» AIM OF THE TASK
Please repeat the whole listing exactly, but leave out any picture it holds.

» DATA SEGMENT
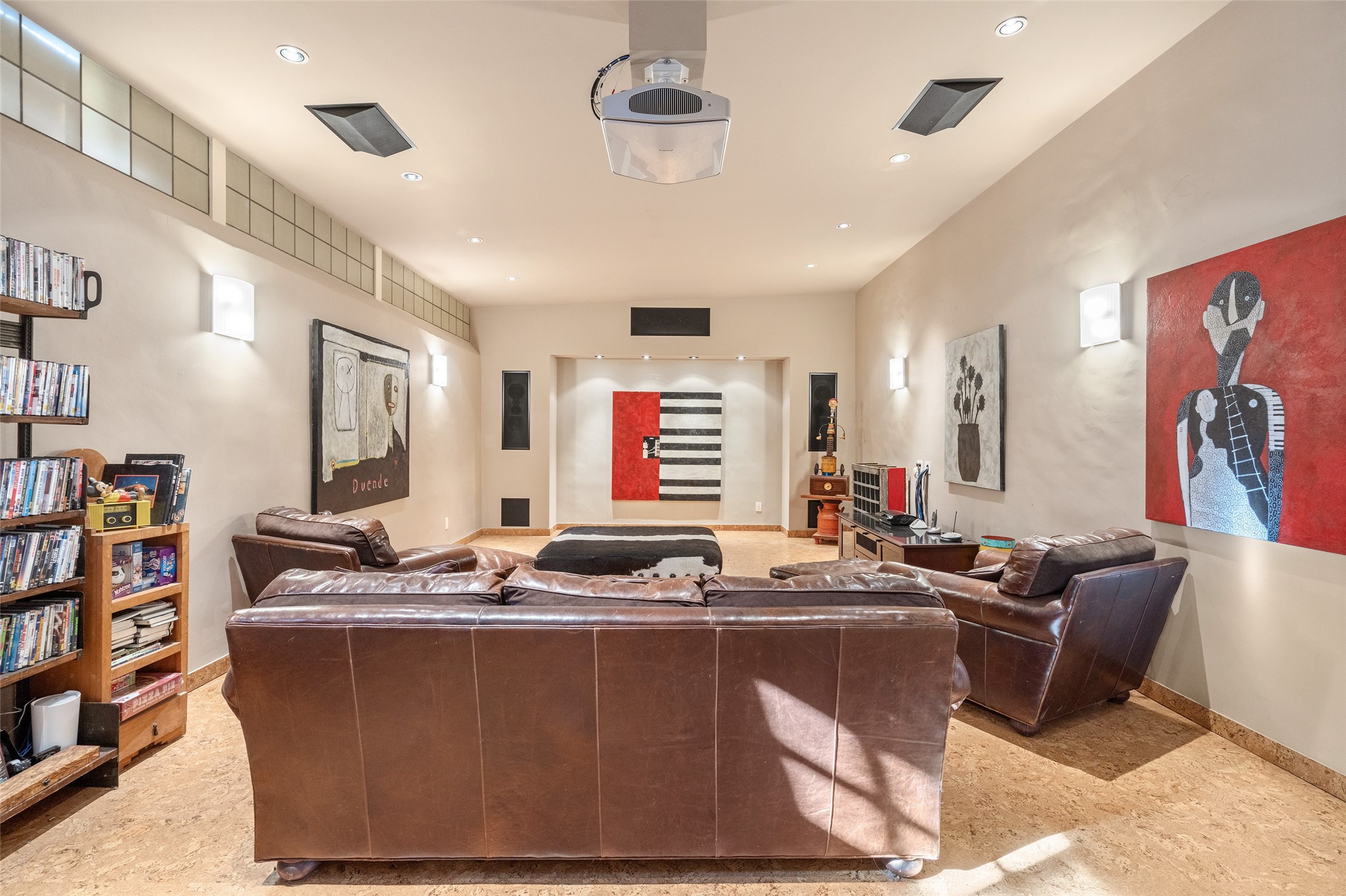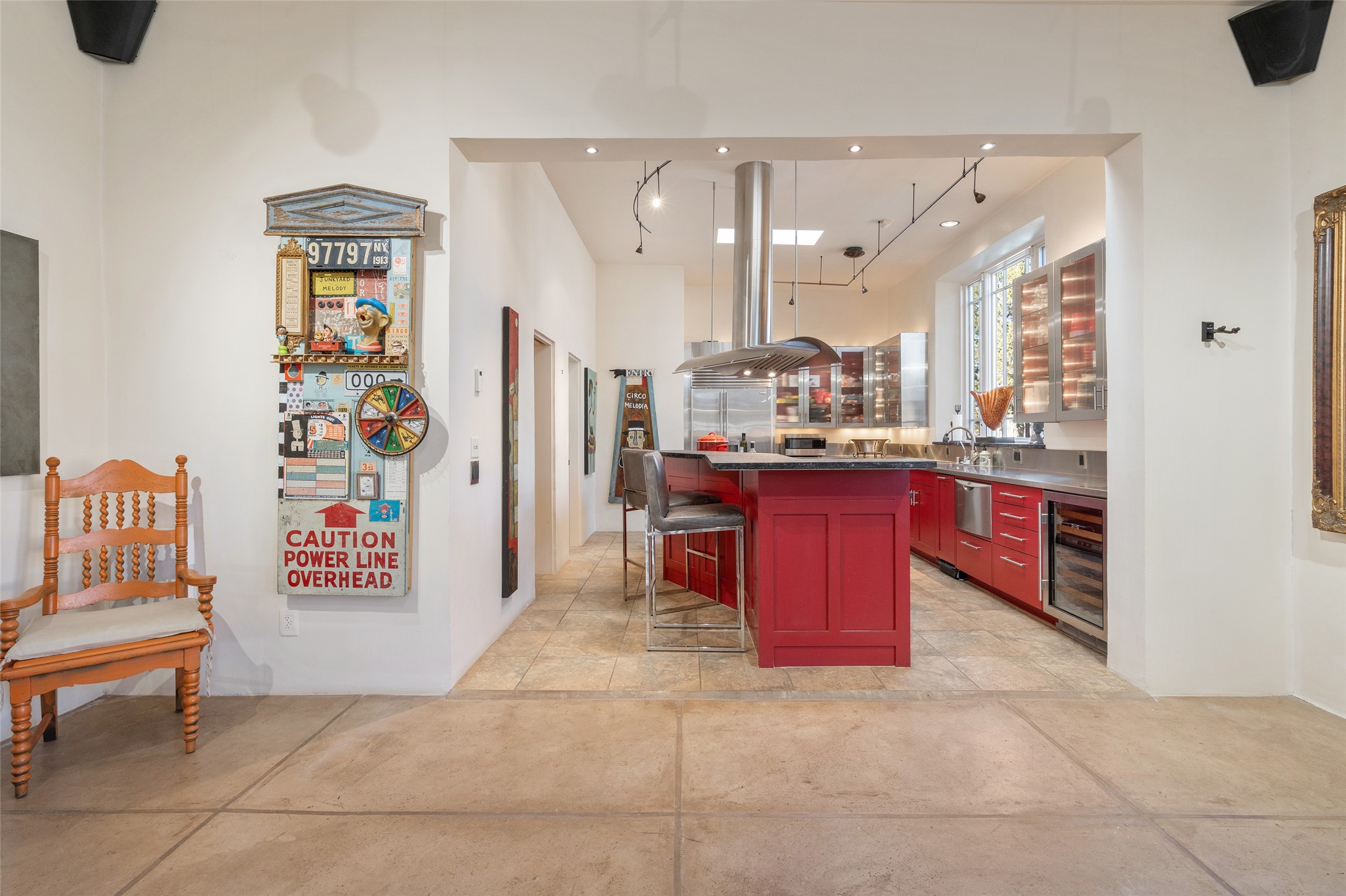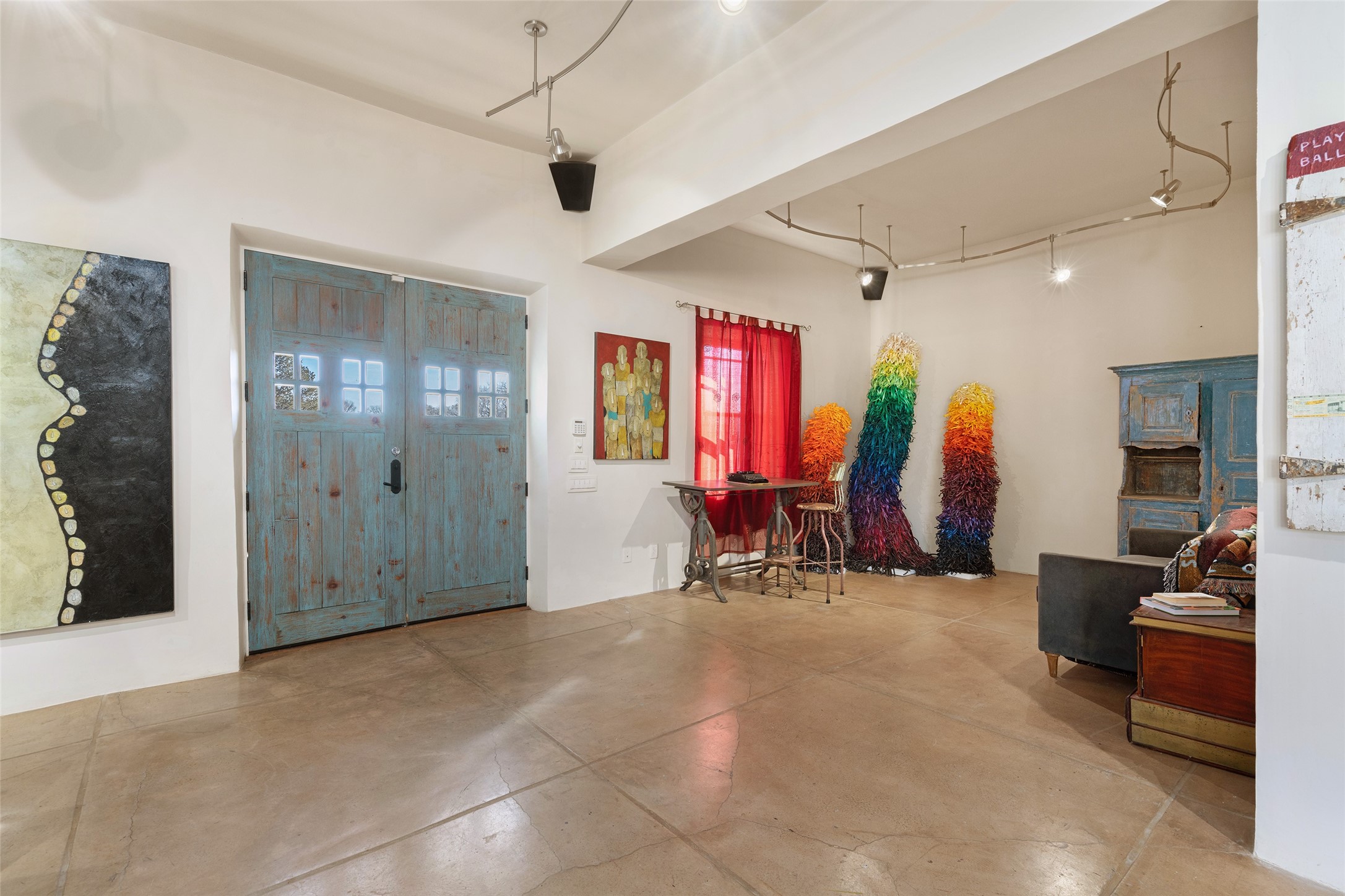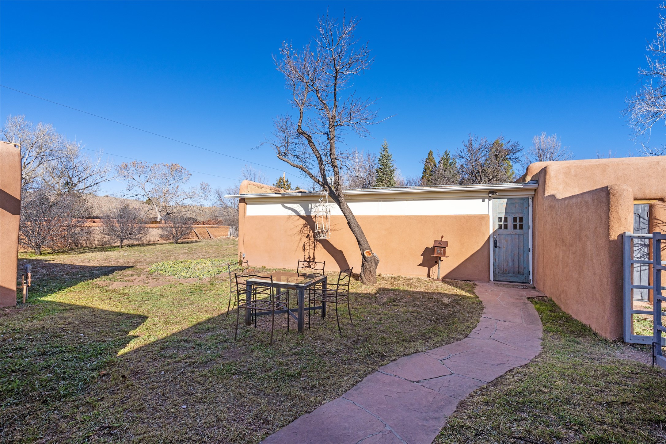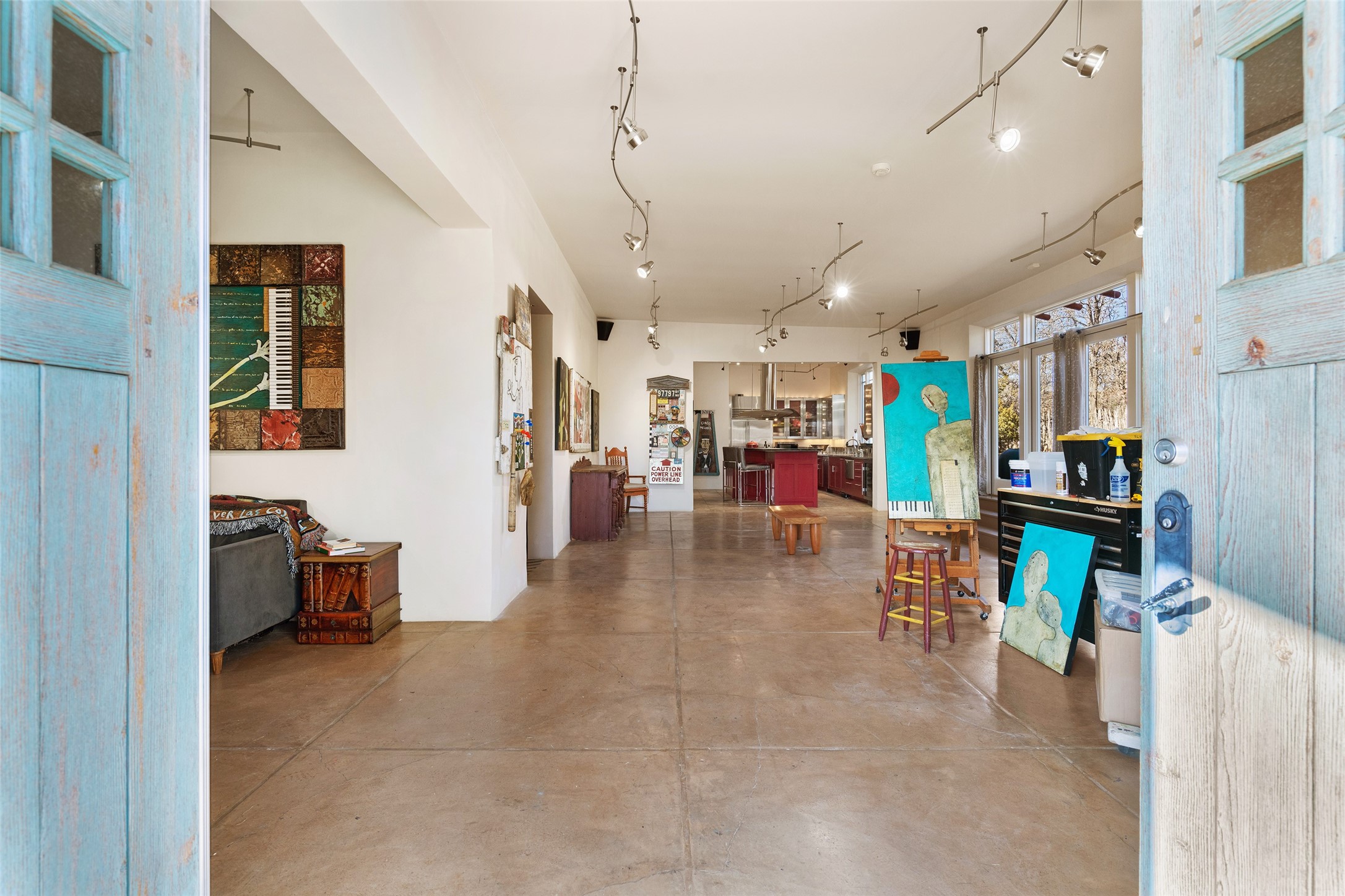 Something Old. Something New. Rare Commercial Opportunity.An exceptional and singular compound in the heart of historic Galisteo, this remarkable property weaves together centuries of heritage with thoughtful modern design. Dating to the 1800s, the 3-bedroom, 2-bath double-adobe Main House once housed the beloved La Mancha Restaurant (1959-1971), where the Ortiz family's New Mexican cuisine earned widespread acclaim.Tastefully renovated in 2012, the Main House features new brick floors, interior plaster walls, updated kitchen and baths, modern plumbing fixtures, and skylights, while honoring the home's original character, authenticity, and soul.Complementing the historic residence is a striking studio/gallery building originally designed by award-winning architect Beverly Spears and constructed in 1995 using Rastra construction for artist Linda Durham. A comprehensive 2006 remodel transformed the space into an extraordinary studio, gallery, and entertaining venue, featuring soaring 12-foot ceilings, exceptional lighting, integrated sound throughout, a home theater with surround sound and retractable screen, a bath, and a chef's kitchen equipped with Wolf, Sub-Zero, Miele, and Fisher & Paykel appliances, Bob Pepper custom cabinetry, and a generous pantry.The inviting Guest House, built in 2006, offers a warm and comfortable retreat with a living room, bedroom with fireplace, kitchen, and bath, ideal for visitors or extended stays.Commercially zoned and among the few such properties in Galisteo, this compound presents rare possibilities for a boutique B&B, restaurant, gallery, or creative retreat. Enclosed by historic adobe and stone walls and graced with fruit trees, this truly special offering invites vision, imagination, and opportunity in one of New Mexico's most cherished villages.
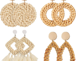 - 4 Pairs Rattan Earrings for Women Beach Essentials Tassel Dangle Boho Straw Earr
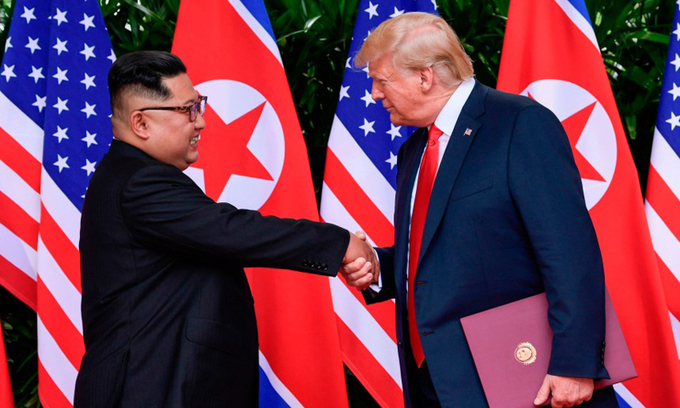 2018년 6월 12일 싱가포르 센토사 섬의 카펠라 리조트에서 만난 트럼프 대통령과 김정은 위원장. AFP연합뉴스 |

» REPLY TO THE TASK
 Something Old. Something New. Rare Commercial Opportunity.An exceptional and singular compound in the heart of historic Galisteo, this remarkable property weaves together centuries of heritage with thoughtful modern design. Dating to the 1800s, the 3-bedroom, 2-bath double-adobe Main House once housed the beloved La Mancha Restaurant (1959-1971), where the Ortiz family's New Mexican cuisine earned widespread acclaim.Tastefully renovated in 2012, the Main House features new brick floors, interior plaster walls, updated kitchen and baths, modern plumbing fixtures, and skylights, while honoring the home's original character, authenticity, and soul.Complementing the historic residence is a striking studio/gallery building originally designed by award-winning architect Beverly Spears and constructed in 1995 using Rastra construction for artist Linda Durham. A comprehensive 2006 remodel transformed the space into an extraordinary studio, gallery, and entertaining venue, featuring soaring 12-foot ceilings, exceptional lighting, integrated sound throughout, a home theater with surround sound and retractable screen, a bath, and a chef's kitchen equipped with Wolf, Sub-Zero, Miele, and Fisher & Paykel appliances, Bob Pepper custom cabinetry, and a generous pantry.The inviting Guest House, built in 2006, offers a warm and comfortable retreat with a living room, bedroom with fireplace, kitchen, and bath, ideal for visitors or extended stays.Commercially zoned and among the few such properties in Galisteo, this compound presents rare possibilities for a boutique B&B, restaurant, gallery, or creative retreat. Enclosed by historic adobe and stone walls and graced with fruit trees, this truly special offering invites vision, imagination, and opportunity in one of New Mexico's most cherished villages.
 - 4 Pairs Rattan Earrings for Women Beach Essentials Tassel Dangle Boho Straw Earr
 2018년 6월 12일 싱가포르 센토사 섬의 카펠라 리조트에서 만난 트럼프 대통령과 김정은 위원장. AFP연합뉴스 |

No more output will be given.